The Little Tern is about 24 centimetres long and weighs about 45 grams. That’s lighter than half a chocolate bar! Their long narrow wings and short legs are highly optimized for flying. The outer feathers of the wings are black, the tail however is white and forked. The back is light grey and the underside is white. The best way to identify them is their black mask-like head pattern and white forehead. The bill is yellow with a black tip.

 

Incidence

Apart from the American continent, the Little Tern can be found almost everywhere in the world. However, it avoids the north of Russia and central China. In Africa and Australia, they are essentially found in coastal regions. In Central Europe, the Little Tern also used to settle inland along natural rivers’ gravel and sandbanks. Such habitats hardly exist today and little terns had to move to the coasts.

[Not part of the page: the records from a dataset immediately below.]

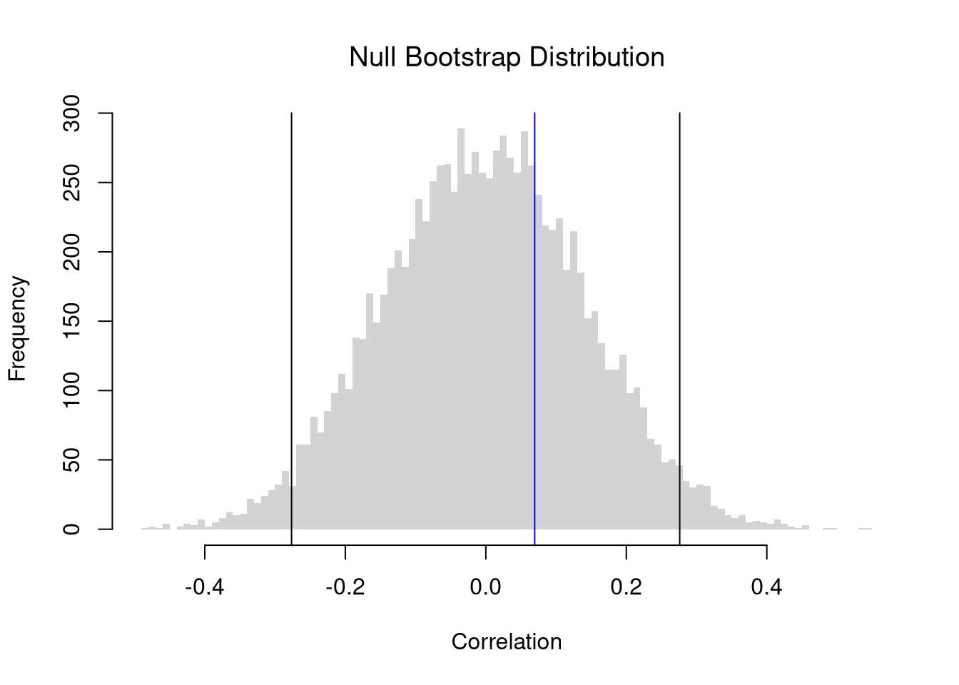 Importantly, we can also impose the null of hypothesis of no association by reshuffling the data. If we resample without replacement, this is known as a permutation test.
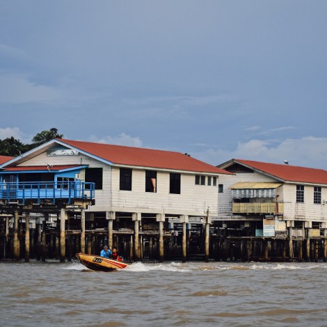 At the hub of the aquatic centre, sudden raucous rattles of timeworn engines shatter the muggy calm of day as boat operators call out and whistle to potential passengers. Painted on the sides of these boats, in a cheeky air of je ne sais quoi are the names: from Quicksilver, Yamaha Srirocco, to Stone Cold Crazy, Budak Nakal (naughty boy), alongside traditional female names, including Isabella and Noorasima. Local folks step gracefully onboard, some smartly dressed for work, side by side with uniformed students, their white attire reflecting sharply in the sun. Not to be dismissed (or dismissible in any case), shiny clad tourists, clambering clumsily onto the narrow boat landing. Mixtures of different dialects, language sift through the air. Splish splash, and further splashes – the acoustics of life here, a never-ending buzz.
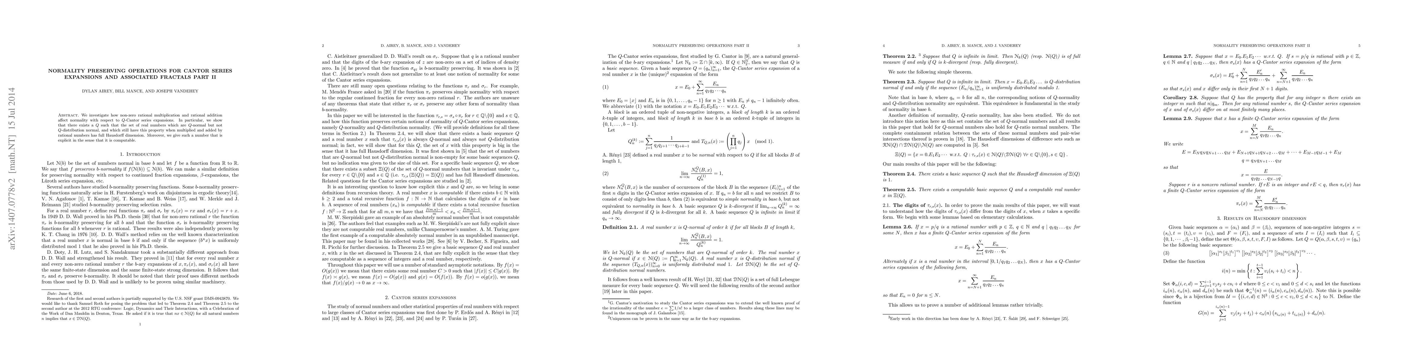 We investigate how non-zero rational multiplication and rational addition affect normality with respect to $Q$-Cantor series expansions. In particular, we show that there exists a $Q$ such that the set of real numbers which are $Q$-normal but not $Q$-distribution normal, and which still have this property when multiplied and added by rational numbers has full Hausdorff dimension. Moreover, we give such a number that is explicit in the sense that it is computable.

The Little Tern is a migratory bird. Every year in autumn it sets off on a long journey to West Africa and spends the winter there. Their return to their breeding areas takes place at the beginning of May.

 

Behaviour and interesting facts

Like most terns, little terns feed by plunge-diving. They usually hover above the water and plunge once they found a small fish, sometimes from 10 meters high. They may feed on insects on some occasions. Males also use fishes as an offering during their courtship display.

By the end of May, the female lays 1 to 3 eggs. The nest is usually a shallow depression in the sand. Both parents incubate the eggs for 17 to 22 days. Terns are very defensive of their nest and young and will never hesitate to attack an intruder getting too close.